Often, the concern is triggered by an incident — a fall, a forgotten stove burner, a near-miss with a medication error. But waiting for a crisis to assess home safety means acting after the damage is already done. A systematic home safety assessment, done proactively, can identify and address hazards before they cause harm — and may extend the time your parent can safely remain in their home.
This guide provides a room-by-room framework for evaluating home safety, a list of common modifications, and guidance on when the hazards go beyond what modifications can address.
Who Should Conduct the Assessment
A home safety assessment can be conducted informally by a family member using a checklist like this one, or formally by a certified professional. Both have value.
Family-conducted assessment: Useful as a starting point, particularly when the family has good access to the home and an honest relationship with their parent. The risk is that family members may have blind spots — they’ve grown accustomed to certain features of the home and may not see hazards that an outside eye would catch.
Occupational therapist assessment: Occupational therapists (OTs) are trained in functional assessment — evaluating how a person’s physical and cognitive abilities interact with their environment. An OT home visit is the gold standard for comprehensive safety evaluation. Many home health agencies offer these, and Medicare may cover the assessment if your parent meets homebound criteria and has a physician order.
Certified aging-in-place specialist (CAPS): These are contractors and design professionals trained specifically in home modifications for aging. A CAPS professional can not only identify hazards but provide design solutions and cost estimates for modifications.
If your parent has already had a fall, has significant mobility limitations, or has cognitive impairment, a professional assessment is strongly recommended.

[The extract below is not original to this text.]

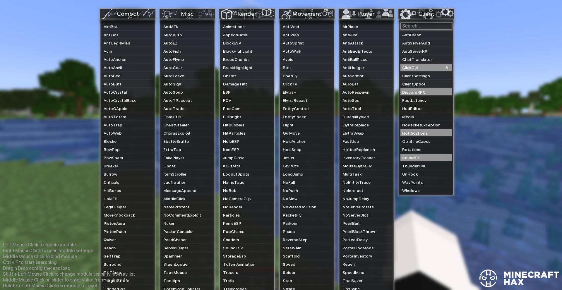 The ClickGUI is easy to customize, categories are logically structured, and modules can be quickly enabled and configured. Smooth animations and customizable colors allow users to tailor the appearance to their personal preferences, making the client not only effective but also visually pleasing.
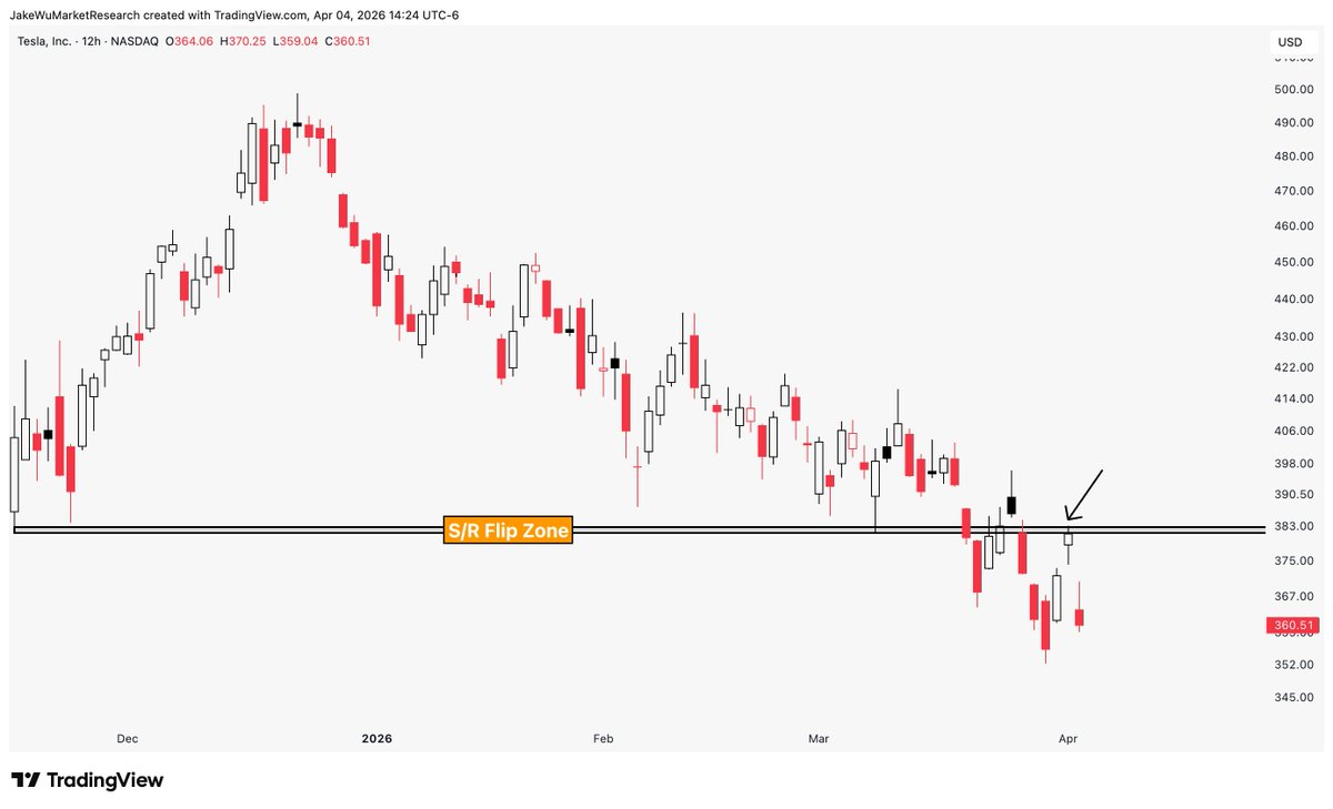 $Tesla Motors(TSLA)$Rejected hard at the S/R flip zone on Thursday.

Before You Start: A Few Principles
Bring your parent into the process. An assessment done to someone rather than with them is likely to create resistance and may miss important information. Your parent knows their own patterns — where they typically sit, which route they take to the bathroom at night, which tasks they struggle with. Their input is essential.
Focus on function, not just hazards. The goal is to understand how your parent actually lives in the space, then identify where their current abilities create safety risks. A throw rug in the living room isn’t just a fall hazard in the abstract — it’s a fall hazard for someone who shuffles their feet, takes blood pressure medication, or uses a walker.

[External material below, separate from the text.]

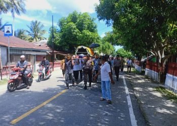 Turut Belasungkawa, Bhabinkamtibmas Polsek Banawa Polres Donggala Polda Sulteng Ikut Gotong Keranda Jenazah Warga Binaanya

Be honest about cognitive changes. Physical hazards are often obvious. Cognitive hazards — appliances left on, medications mismanaged, judgment impaired — require a different conversation and sometimes different solutions. Be honest with yourself about whether cognitive issues are a factor.
Entryways and Exterior
The path from the car (or street) to the front door is often the most hazardous part of a home for older adults.
Checklist:
- Walkways are smooth, even, and free of cracks or lifted edges
- Steps have secure handrails on both sides
- Step edges are clearly visible (contrasting color or non-slip strips)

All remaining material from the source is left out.